Dataset extract.
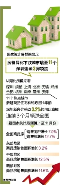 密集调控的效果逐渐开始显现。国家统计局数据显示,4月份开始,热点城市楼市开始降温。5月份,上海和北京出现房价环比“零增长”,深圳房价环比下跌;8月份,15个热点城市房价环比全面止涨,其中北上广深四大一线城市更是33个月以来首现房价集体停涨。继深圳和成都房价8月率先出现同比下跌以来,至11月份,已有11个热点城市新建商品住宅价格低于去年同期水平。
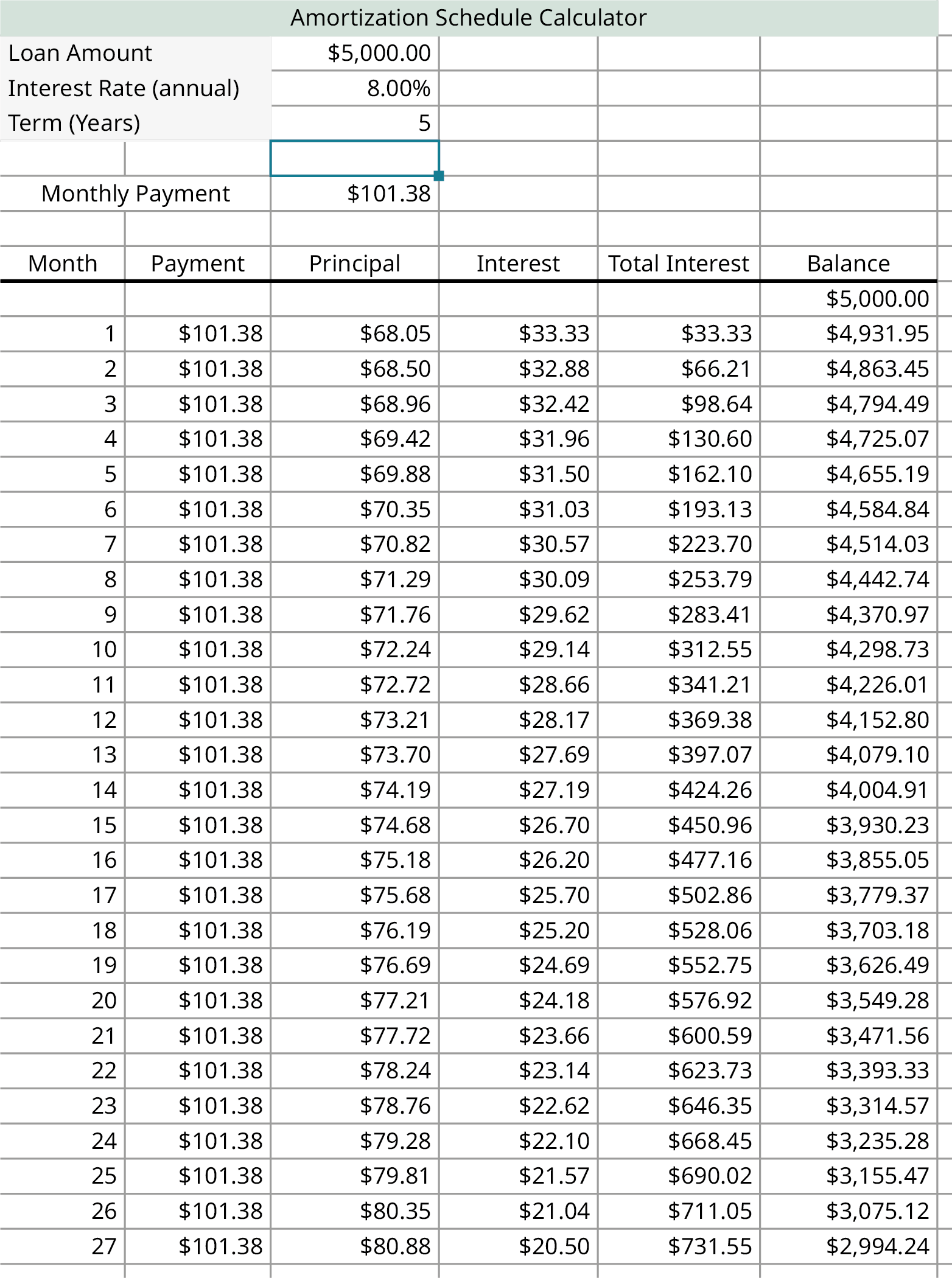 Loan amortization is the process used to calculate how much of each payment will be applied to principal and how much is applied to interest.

--

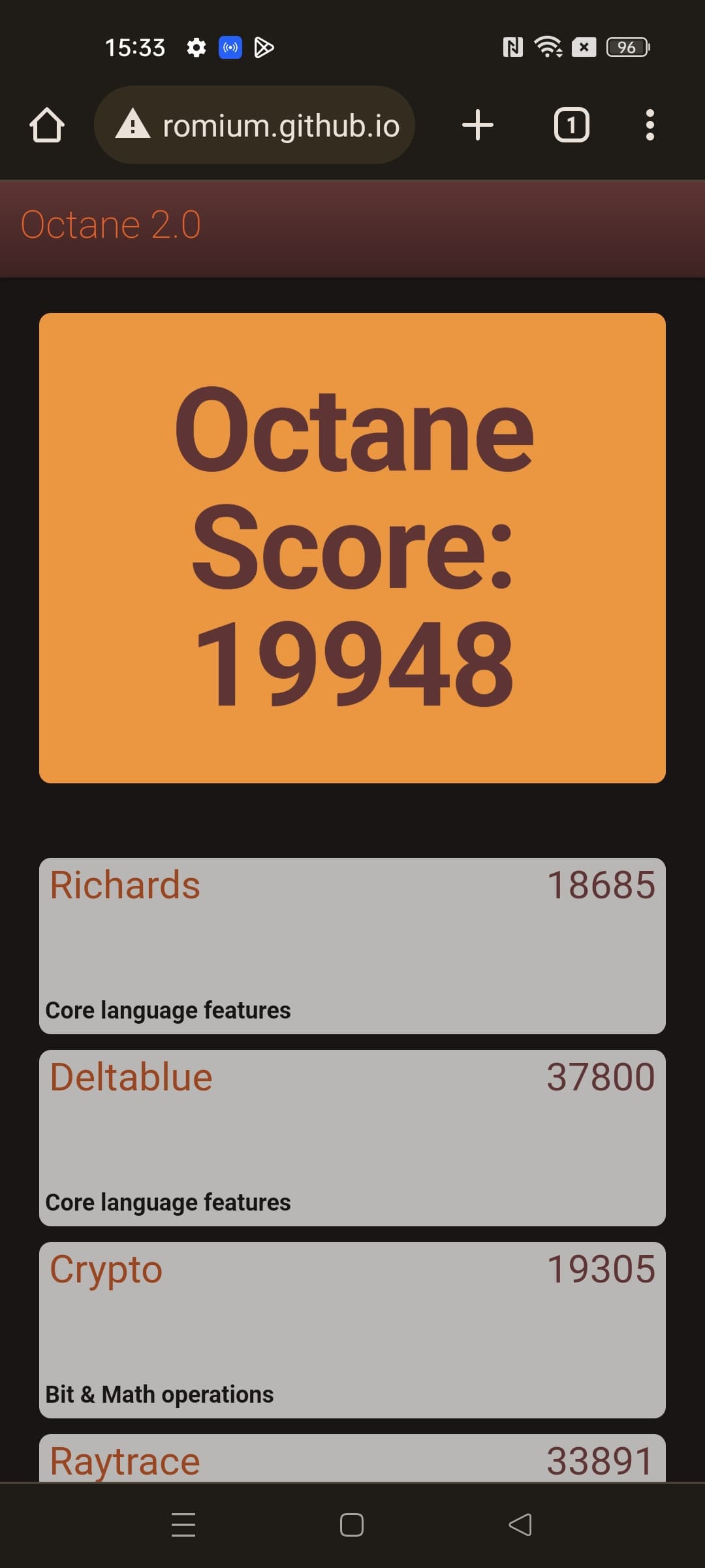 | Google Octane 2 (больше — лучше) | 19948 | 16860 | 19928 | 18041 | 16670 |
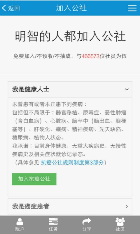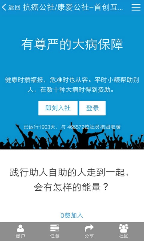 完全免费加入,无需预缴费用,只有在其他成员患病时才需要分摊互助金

What to produce. Reproduce, word for word, only the lines in the records above from the line with "18041 | 16670 |" through the line with "完全免费加入,无需预缴费用,只有在其他成员患病时才需要分摊互助金", including both ends; omit the pictures.

Solution to the problem.
 | Google Octane 2 (больше — лучше) | 19948 | 16860 | 19928 | 18041 | 16670 |
 完全免费加入,无需预缴费用,只有在其他成员患病时才需要分摊互助金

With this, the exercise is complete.